We're building high-quality evaluation and training datasets to improve how Large Language Models (LLMs) interact with realistic software engineering tasks. You will have the opportunity to work on a diverse range of projects from helping models traverse complex code bases to building agents that improve model performance.
Work across multiple different projects to improve LLM performance on code. Sample projects:
Leading and delivering end-to-end agent use cases such as home automation agents, coding copilots, or creative design assistants.
Collaborate with the team to identify edge cases and ambiguities in model behavior.
Review and compare 3-4 model-generated code responses per task using a structured ranking system.
Evaluate code diffs for correctness, code quality, style, and efficiency. Provide clear, detailed rationales explaining the reasoning behind each ranking decision.
Several years of software engineering experience, including 2+ continuous years at a top-tier product company (e.g., Google, Stripe, Amazon, Apple, Meta, Netflix, Microsoft, Datadog, Dropbox, Shopify, PayPal, IBM Research).
Strong expertise in building full-stack applications and deploying scalable, production-grade software using modern languages and tools.
Deep understanding of software architecture, design, development, debugging, and code quality/review assessment.
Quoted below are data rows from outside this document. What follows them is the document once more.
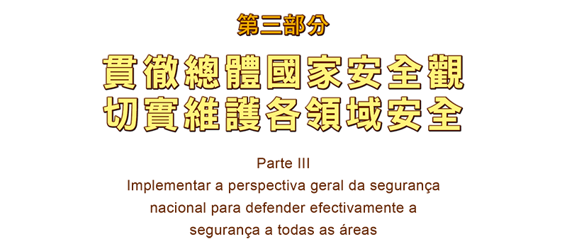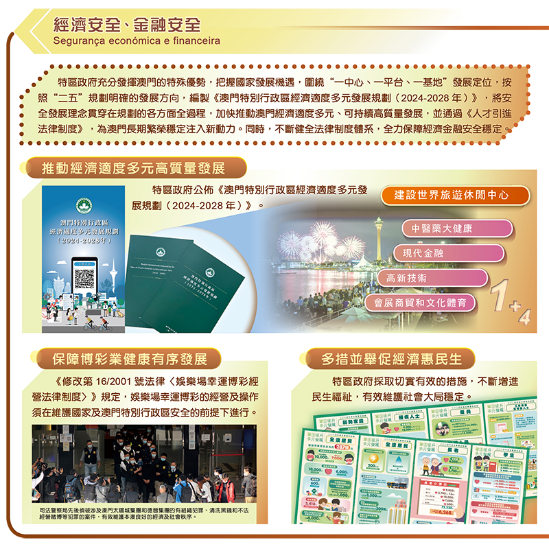 该部份特别展示了澳门特区持续健全维护国家安全的法律制度,在政治、经济、社会、文化等安全领域出台了一系列法律法规,尤其2023年完成修改《维护国家安全法》,为更好维护国家主权、安全、发展利益,确保澳门长期繁荣稳定发展提供了更为坚实的制度保障。
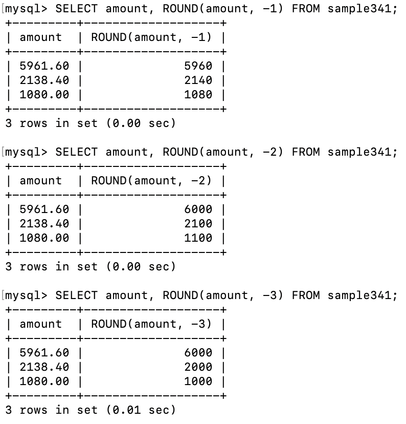 SELECT amount, ROUND(amount, 1) FROM sample341;
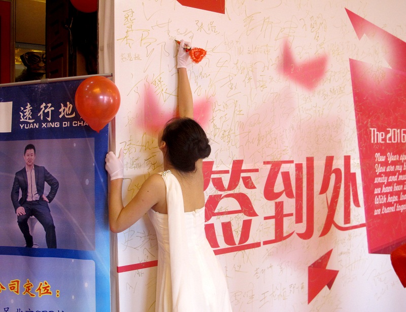 1月31日早晨,遠行年會簽到處成為整個大會場最火爆、最靚麗的地方,俊男美女齊聚,路人側(cè)目,歡聲笑語,人聲鼎沸;
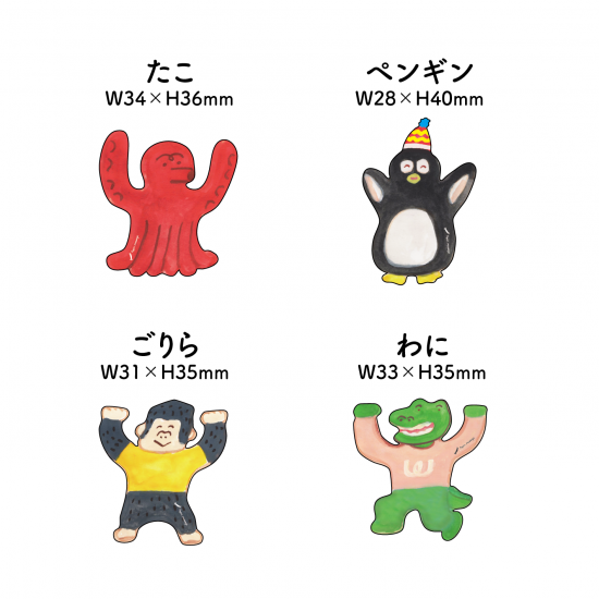 動物は8種類、食べ物は4種類登場したので、様々な組み合わせが楽しめます。

Proven ability to review code diffs and evaluate correctness, maintainability, and efficiency.
Excellent oral and written communication skills for clear, structured evaluation rationales.
Commitment: flexible engagement, minimum 10 hrs/week, up to 40 hrs/week (partial PST overlap required).
Type: Contractor (no medical/paid leave).
Duration: 1 month with potential extensions based on performance and fit.